Abstract

Objective. To compare the signals of pulse diagnosis of fatty liver disease (FLD) patients and cirrhosis patients. Methods. After collecting the pulse waves of patients with fatty liver disease, cirrhosis patients, and healthy volunteers, we do pretreatment and parameters extracting based on harmonic fitting, modeling, and identification by unsupervised learning Principal Component Analysis (PCA) and supervised learning Least squares Regression (LS) and Least Absolute Shrinkage and Selection Operator (LASSO) with cross-validation step by step for analysis. Results. There is significant difference between the pulse diagnosis signals of healthy volunteers and patients with FLD and cirrhosis, and the result was confirmed by 3 analysis methods. The identification accuracy of the 1st principal component is about 75% without any classification formation by PCA, and supervised learning’s accuracy (LS and LASSO) was even more than 93% when 7 parameters were used and was 84% when only 2 parameters were used. Conclusion. The method we built in this study based on the combination of unsupervised learning PCA and supervised learning LS and LASSO might offer some confidence for the realization of computer-aided diagnosis by pulse diagnosis in TCM. In addition, this study might offer some important evidence for the science of pulse diagnosis in TCM clinical diagnosis.

1. Introduction

Pulse diagnosis had played an important role in clinical diagnosis and therapeutic evaluation of TCM for several thousand years. Modern researches of pulse diagnosis based on the modern technology, such as the signal analysis, are very important for the development of TCM.

Machine learning builds empirical models on data for analysis and forecasting, which has recently been used for TCM data analysis [1], especially for the diagnosis data of TCM. Some research about modeling and symptom selection for multilabel data in the inquiry diagnosis of coronary heart disease (CHD) [1, 2] and multiclass support vector machines in lip diagnosis [3] offered some available new methods in modern research of TCM. Pulse diagnosis is more difficult in standardization researches. Our work team had done some work about it, including data analysis for pregnant women, animals with High Blood Pressure and Heart Failure, rats after nephrectomy, and patients with CHD, HBP, and so forth [47]. The results are encouraging.

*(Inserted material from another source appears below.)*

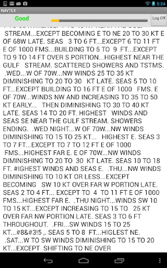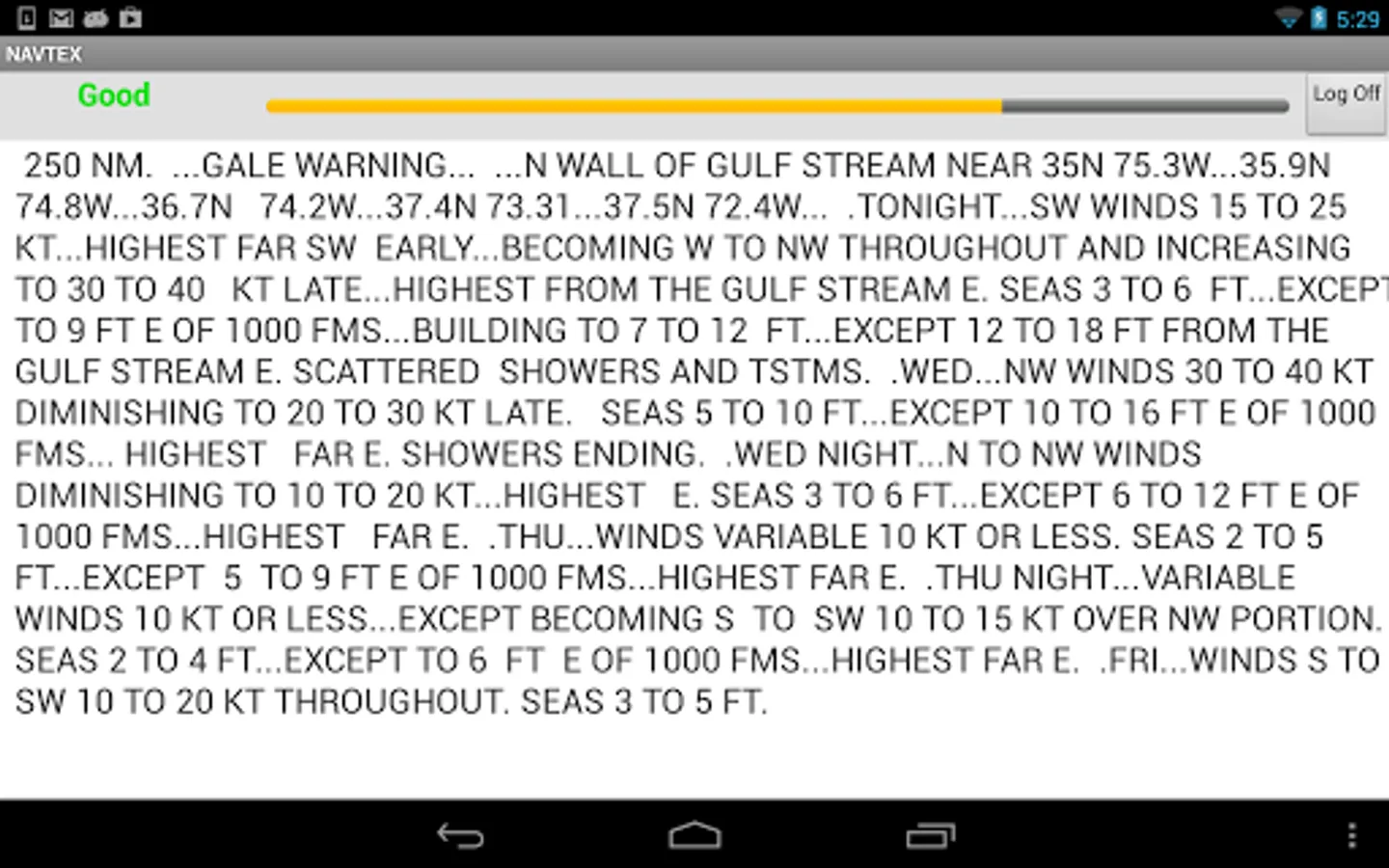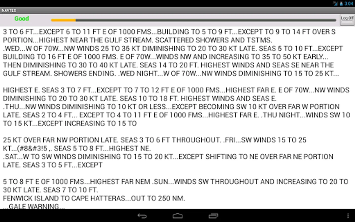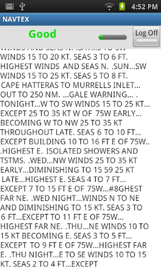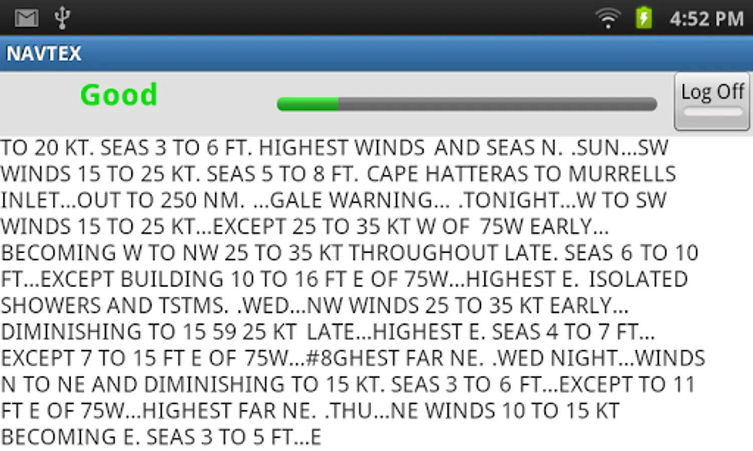 NAVTEX Decoder lets you view NAVTEX marine weather transmissions on your Android device. Just set it near a radio (or for better quality decoding, connect a cable from the radio's audio output jack to the microphone jack), tune in a NAVTEX frequency, and watch the transmissions.
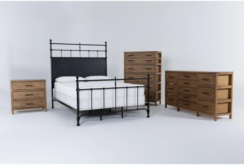 A piece like the vintage-inspired Trellis bed from Magnolia Home by Joanna Gaines brings the charm of the past into your space. The higher profile headboard is a focal point of the design, which features a solid metal panel. Accented with vertical and horizontal elements, as well as ball finials and dainty castings, it blends feminine and masculine details to create a distinctive retreat.

Supervised learning and unsupervised learning are the primary methods of machine learning. In the research of pulse diagnosis in TCM, it is very difficult to collect large number of samples with high quality. Accordingly, in this study, we combined unsupervised (PCA) with supervised methods (LS and LASSO) to analyze the signals collected from patients with different diseases and healthy volunteers for cross-reference to achieve reliable results in identification by signals of pulse diagnosis in TCM.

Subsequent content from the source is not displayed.